Рассказы - [3]
И Гулистан сверкнула взглядом по порванному чулку Серафимы.
— Урок окончен, — сказала Серафима Георгиевна. — На следующем уроке никто не покинет класс, пока не ответит письмо Татьяны Онегину. Это я вам гарантирую. Все свободны. Инкундинова, задержись.
Когда за последним учеником закрылась дверь, Серафима с торжественной медлительностью спустилась с кафедры. Она подошла к Гулистан и, приблизив к ее лицу свое так отвратительно близко, как только могут позволить себе наставники, произнесла:
— Маленькая дрянь! Если еще раз посмеешь усомниться в моем превосходстве фехтовальщицы, изничтожу!
Гулистан побледнела, но не отвела глаз.
— Теперь ступай, — сказала Серафима и отвернулась.
Гулистан молча собралась и пошла к выходу. Ей ужасно хотелось расплакаться, но разве может принцесса плакать на виду у ведьмы? Гулистан закрыла за собой дверь и, оказавшись в рекреации, побежала к окну. Она прижалась головой к холодному стеклу и зашлась в рыданиях.
Выплакав злость и обиду, Гулистан достала косметичку. В двойном стекле она могла видеть свое отражение — слабое, потому что на улице стоял уже день. Но даже это слабое отражение было прекрасным. Гулистан усмехнулась. Чутьем той, которая верит, что когда-нибудь станет королевой, она понимала, что сколь бы изощренной и опытной ни была старая ведьма, ей никогда не удастся извести настоящую принцессу.
Челнок
Мама пекла пироги. Кирилл почувствовал запах на лестничной клетке, выйдя из лифта. Он пошатнулся, слегка крутануло голову. Память носа — беда и счастье челноков. Кирилл постоял немного перед дверью, потом достал ключ и вошел в дом-музей запахов детства. Маша затявкала в глубине квартиры, на своей лежанке в чуланчике, зацокала по паркету, плохо вписалась на радостях в поворот из гостиной, взвизгнула и въехала на пузе в коридор.

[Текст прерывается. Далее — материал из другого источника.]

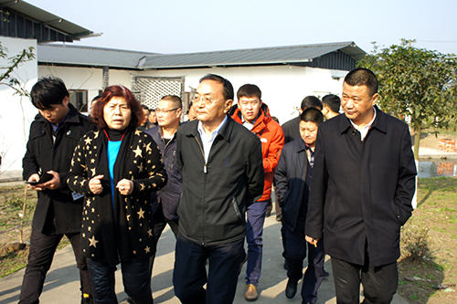 四川省委常委、省委農工委主任李昌平(中)實地考察臺資企業(yè)成都鈞喬農業(yè)科技開發(fā)有限公司。
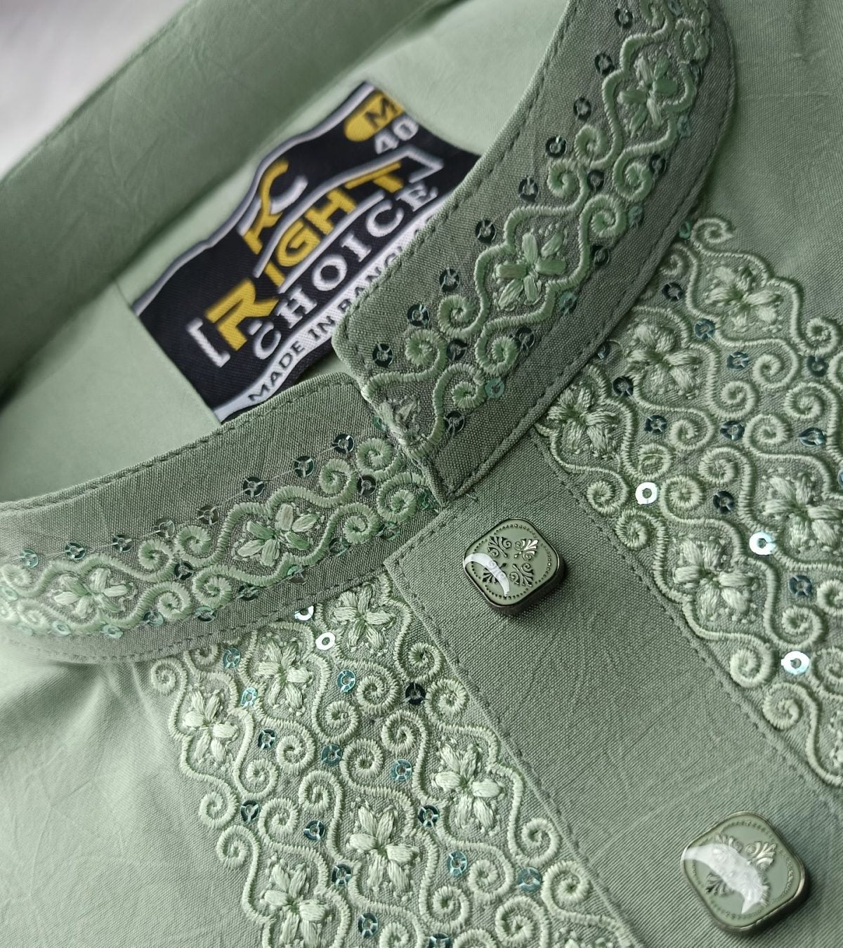 Stretch Embroidery Panjabi – তৈরি হয়েছে উন্নতমানের স্ট্রেচ ফেব্রিকে, যা সফট, লাইটওয়েট এবং পরতে আরামদায়ক। সামনে ও হাতায় রয়েছে সূক্ষ্ম সিকুয়েন্স ও মার্জিত এমব্রয়ডারির কাজ – যা আপনার লুকে আনবে প্রিমিয়াম ফিনিশিং ও স্টাইল। সাথে ব্যবহার করা হয়েছে উন্নতমানের ম্যাচিং স্টোন বাটন, যা পুরো লুককে করে আরও পরিপাটি ও আকর্ষণীয়।
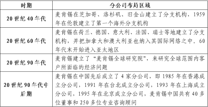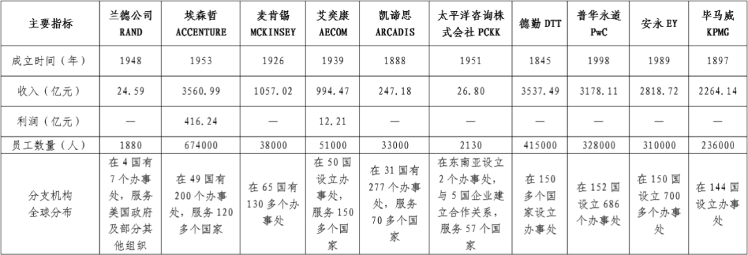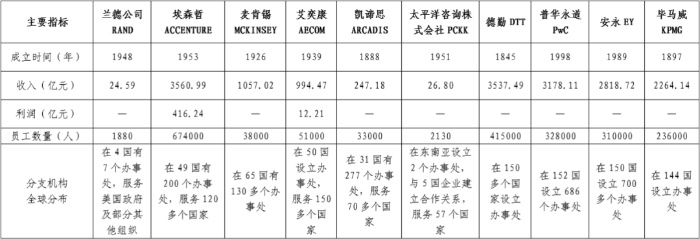 (三)研究思路 重點(diǎn)圍繞經(jīng)營(yíng)規(guī)模、全球戰(zhàn)略布局、集團(tuán)化發(fā)展、數(shù)字化發(fā)展、人才培養(yǎng)等方面開(kāi)展對(duì)比研究,為中咨公司打造世界一流咨詢機(jī)構(gòu)提出初步的方向性戰(zhàn)略構(gòu)想,更好地服務(wù)公司高質(zhì)量發(fā)展總體戰(zhàn)略。充分發(fā)揮龍頭示范作用,加強(qiáng)精細(xì)化管理,全面提升核心競(jìng)爭(zhēng)力,助力中咨公司加快建設(shè)成為國(guó)內(nèi)有權(quán)威、國(guó)際有影響的國(guó)家高端智庫(kù)、世界一流咨詢機(jī)構(gòu),體現(xiàn)智庫(kù)型中央企業(yè)的使命擔(dān)當(dāng)。 二、經(jīng)營(yíng)規(guī)模現(xiàn)狀分析 (一)對(duì)比企業(yè)經(jīng)營(yíng)規(guī)模情況 1.智庫(kù)型企業(yè) 蘭德公司(RAND)是全球頂級(jí)智庫(kù)型企業(yè)之一。蘭德公司成立于1948年,總部設(shè)在美國(guó)加利福尼亞州的圣莫尼卡,是國(guó)際最知名的非營(yíng)利性的研究機(jī)構(gòu)之一,被譽(yù)為現(xiàn)代智囊的“大腦集中營(yíng)”“超級(jí)軍事學(xué)院”,致力于以嚴(yán)謹(jǐn)?shù)姆治鲅芯縼?lái)推進(jìn)決策與政策制定。擁有來(lái)自50多個(gè)國(guó)家的1880多名員工,半數(shù)以上的研究人員持有一個(gè)或多個(gè)博士學(xué)位,在2020年全球頂級(jí)智庫(kù)綜合榜單中排名第七,2021年總收入為24.59億元(折人民幣)。 業(yè)務(wù)領(lǐng)域范圍較廣。蘭德公司資金來(lái)源廣泛,目前軍隊(duì)、政府的資助仍然超過(guò)一半以上。蘭德公司主要為美國(guó)軍方、美國(guó)政府機(jī)構(gòu)、基金會(huì)、高校以及私營(yíng)企業(yè)等提供咨詢服務(wù),研究領(lǐng)域主要涉及軍事科技、國(guó)家安全、國(guó)際事務(wù)、公共安全、法律與商業(yè)、教育、健康、基礎(chǔ)設(shè)施、交通、能源、環(huán)境、網(wǎng)絡(luò)通訊、數(shù)據(jù)科學(xué)、社會(huì)公平等。 2.管理咨詢企業(yè) 埃森哲(ACCENTURE)。埃森哲成立于1953年,是一家全球領(lǐng)先的專(zhuān)業(yè)服務(wù)公司,在數(shù)字化、云計(jì)算與網(wǎng)絡(luò)安全領(lǐng)域擁有全球領(lǐng)先的能力。埃森哲秉承“科技融靈智,匠心承未來(lái)”的企業(yè)使命,致力于通過(guò)引領(lǐng)變革創(chuàng)造價(jià)值,為客戶、員工、股東、合作伙伴與整個(gè)社會(huì)創(chuàng)造美好未來(lái)。埃森哲憑借獨(dú)特的業(yè)內(nèi)經(jīng)驗(yàn)與專(zhuān)業(yè)技能,以及翹楚全球的卓越技術(shù)中心和智能運(yùn)營(yíng)中心,為客戶提供戰(zhàn)略和咨詢、互動(dòng)體驗(yàn)、技術(shù)服務(wù)和智能運(yùn)營(yíng)等全方位服務(wù),業(yè)務(wù)涵蓋40多個(gè)行業(yè),以及企業(yè)日常運(yùn)營(yíng)部門(mén)的各個(gè)職能。埃森哲是《財(cái)富》全球500強(qiáng)企業(yè)之一,在全球49個(gè)國(guó)家設(shè)立了200多個(gè)辦事處,服務(wù)于120多個(gè)國(guó)家的客戶,擁有674000多名員工,2021年總收入為3560.99億元(折人民幣)。 麥肯錫(MCKINSEY)。麥肯錫成立于1926年,其定位是幫助領(lǐng)先的企業(yè)機(jī)構(gòu)實(shí)現(xiàn)顯著、持久的經(jīng)營(yíng)業(yè)績(jī)改善,打造能夠吸引、培育和激勵(lì)杰出人才的優(yōu)秀組織機(jī)構(gòu)。主營(yíng)業(yè)務(wù)是為客戶特別是企業(yè)設(shè)計(jì)、制定相配套的一體化解決方案,包括戰(zhàn)略開(kāi)發(fā)、經(jīng)營(yíng)運(yùn)作、組織結(jié)構(gòu)等,業(yè)務(wù)范圍涉及汽車(chē)、銀行、能源、保健、保險(xiǎn)、制造、公共事業(yè)、零售、電信和交通等領(lǐng)域。目前擁有來(lái)自80多個(gè)國(guó)家38000多名員工,2021年總收入為1057.02億元(折人民幣)。 德勤(DTT)。德勤成立于1845年,是全球領(lǐng)先的專(zhuān)業(yè)服務(wù)機(jī)構(gòu),世界四大會(huì)計(jì)師事務(wù)所之一。德勤品牌連續(xù)第四年被Brand Finance(品牌金融)評(píng)為全球最具影響力及最具價(jià)值商業(yè)服務(wù)品牌,入選全球最佳雇主榜單,為近90%的《財(cái)富》全球500強(qiáng)企業(yè)以及數(shù)千家民營(yíng)企業(yè)提供專(zhuān)業(yè)服務(wù)。德勤業(yè)務(wù)范圍包括審計(jì)和鑒證、稅務(wù)和法律、咨詢、財(cái)務(wù)咨詢和風(fēng)險(xiǎn)咨詢服務(wù)等,涉及消費(fèi)品行業(yè)、能源、資源與工業(yè)、金融服務(wù)、政府與公共服務(wù)、生命科學(xué)與醫(yī)療保健、技術(shù)、媒體與電信等領(lǐng)域。德勤在全球150多個(gè)國(guó)家設(shè)立辦事處,擁有415000多名員工,2021年總收入為3537.49億元(折人民幣)。 普華永道(PwC)。普華永道成立于1998年,是一家致力于“在社會(huì)中建立信任并解決重要問(wèn)題”的全球?qū)I(yè)服務(wù)聯(lián)盟組織。在中國(guó)注冊(cè)會(huì)計(jì)師協(xié)會(huì)《2021年度會(huì)計(jì)師事務(wù)所綜合評(píng)價(jià)百家排名信息》中,普華永道連續(xù)第十九年(2003年~2021年)蟬聯(lián)該項(xiàng)排名第一。普華永道主營(yíng)業(yè)務(wù)包括戰(zhàn)略變革,流程優(yōu)化和技術(shù)解決方案等,業(yè)務(wù)范圍涉及航空航天、國(guó)防與安全、汽車(chē)、資本項(xiàng)目和基礎(chǔ)設(shè)施、消費(fèi)市場(chǎng)、能源、公用事業(yè)和資源、工程與建筑、金融服務(wù)、政府和公

— Машка, Машка! Хорошая моя, родная! Скучала? Ты скучала, Маня? Скучала! — Кирилл подхватил старенькую таксу на руки, увернулся от страстного поцелуя в губы, прижал к себе, скидывая одновременно ботинки и влезая в тапки.
— Привет, мам!
— Поставь Машу на пол и иди мой руки!
Аида Геннадьевна, статная женщина с грандиозным бюстом и ярко накрашенными губами, держала руки в муке на отлете, как хирург. Кирилл проигнорировал указание, чмокнул Аиду Геннадьевну в щеку, протиснулся на кухню и плюхнулся на любимое угловое место на диванчике.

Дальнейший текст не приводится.